▸ About this task
Leaving out pictures, output exactly the lines below from the one that has "然而,受到大盤持續上漲影響,BNB幣價格" through the one that has "The pictures can't", and nothing else.

▸ Provided data
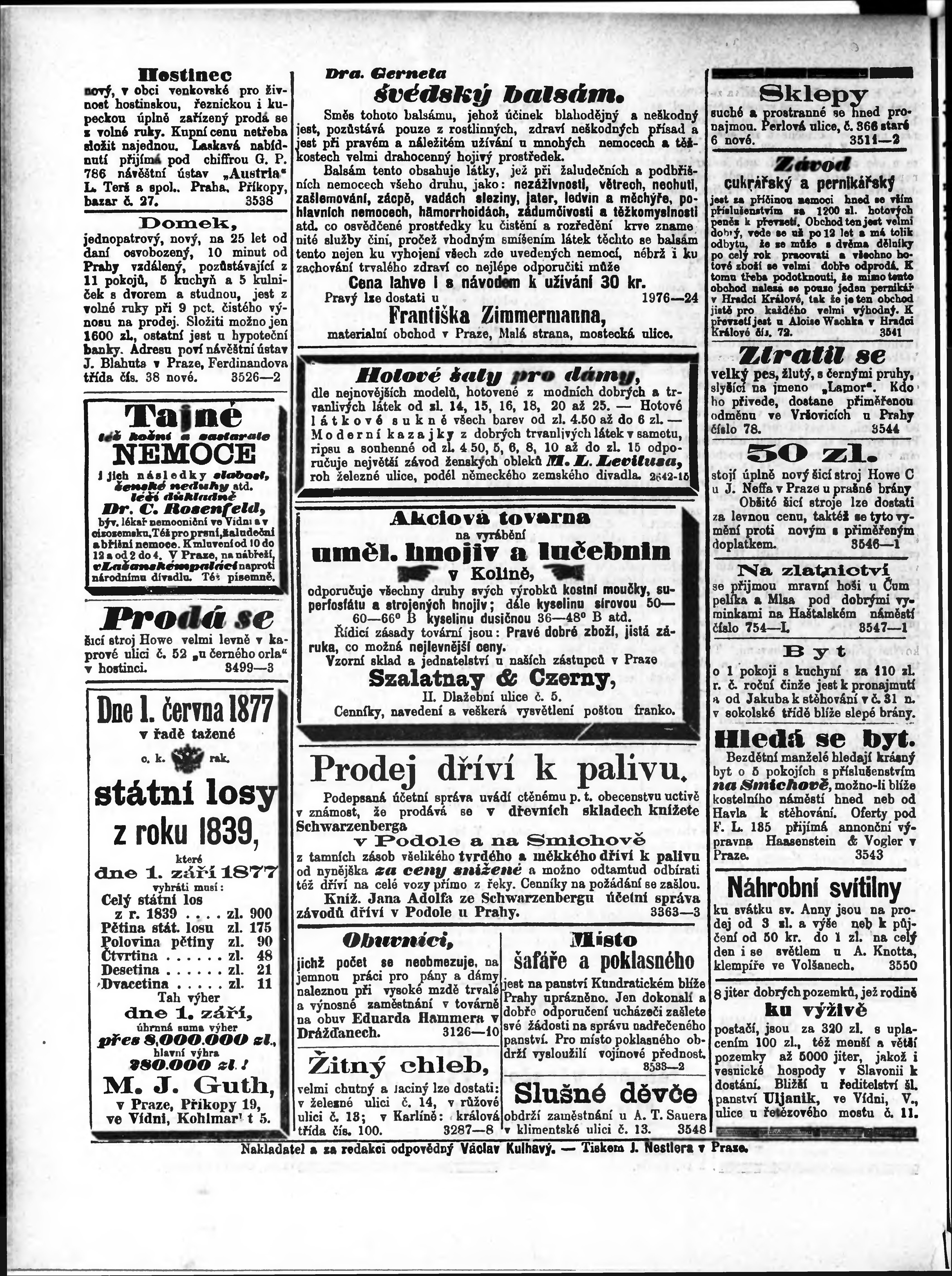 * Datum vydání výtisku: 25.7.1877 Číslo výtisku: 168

--

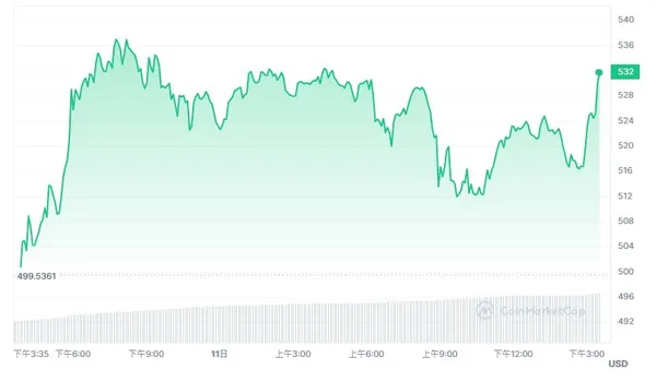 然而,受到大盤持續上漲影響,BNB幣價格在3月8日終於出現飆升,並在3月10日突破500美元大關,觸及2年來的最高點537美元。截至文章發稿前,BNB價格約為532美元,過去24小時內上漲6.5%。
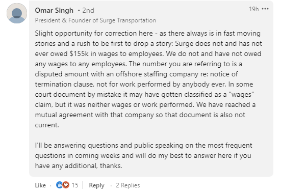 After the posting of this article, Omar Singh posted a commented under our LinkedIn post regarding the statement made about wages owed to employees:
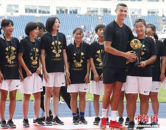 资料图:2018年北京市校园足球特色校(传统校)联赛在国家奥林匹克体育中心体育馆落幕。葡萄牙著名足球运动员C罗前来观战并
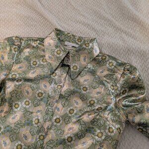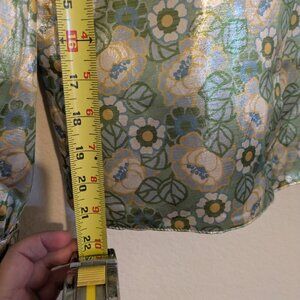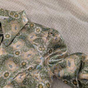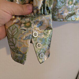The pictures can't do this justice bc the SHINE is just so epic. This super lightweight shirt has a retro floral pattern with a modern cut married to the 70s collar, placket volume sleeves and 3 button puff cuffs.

...

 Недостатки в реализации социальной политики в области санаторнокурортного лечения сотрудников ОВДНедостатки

▸ Problem solution
 然而,受到大盤持續上漲影響,BNB幣價格在3月8日終於出現飆升,並在3月10日突破500美元大關,觸及2年來的最高點537美元。截至文章發稿前,BNB價格約為532美元,過去24小時內上漲6.5%。
 After the posting of this article, Omar Singh posted a commented under our LinkedIn post regarding the statement made about wages owed to employees:
 资料图:2018年北京市校园足球特色校(传统校)联赛在国家奥林匹克体育中心体育馆落幕。葡萄牙著名足球运动员C罗前来观战并
The pictures can't do this justice bc the SHINE is just so epic. This super lightweight shirt has a retro floral pattern with a modern cut married to the 70s collar, placket volume sleeves and 3 button puff cuffs.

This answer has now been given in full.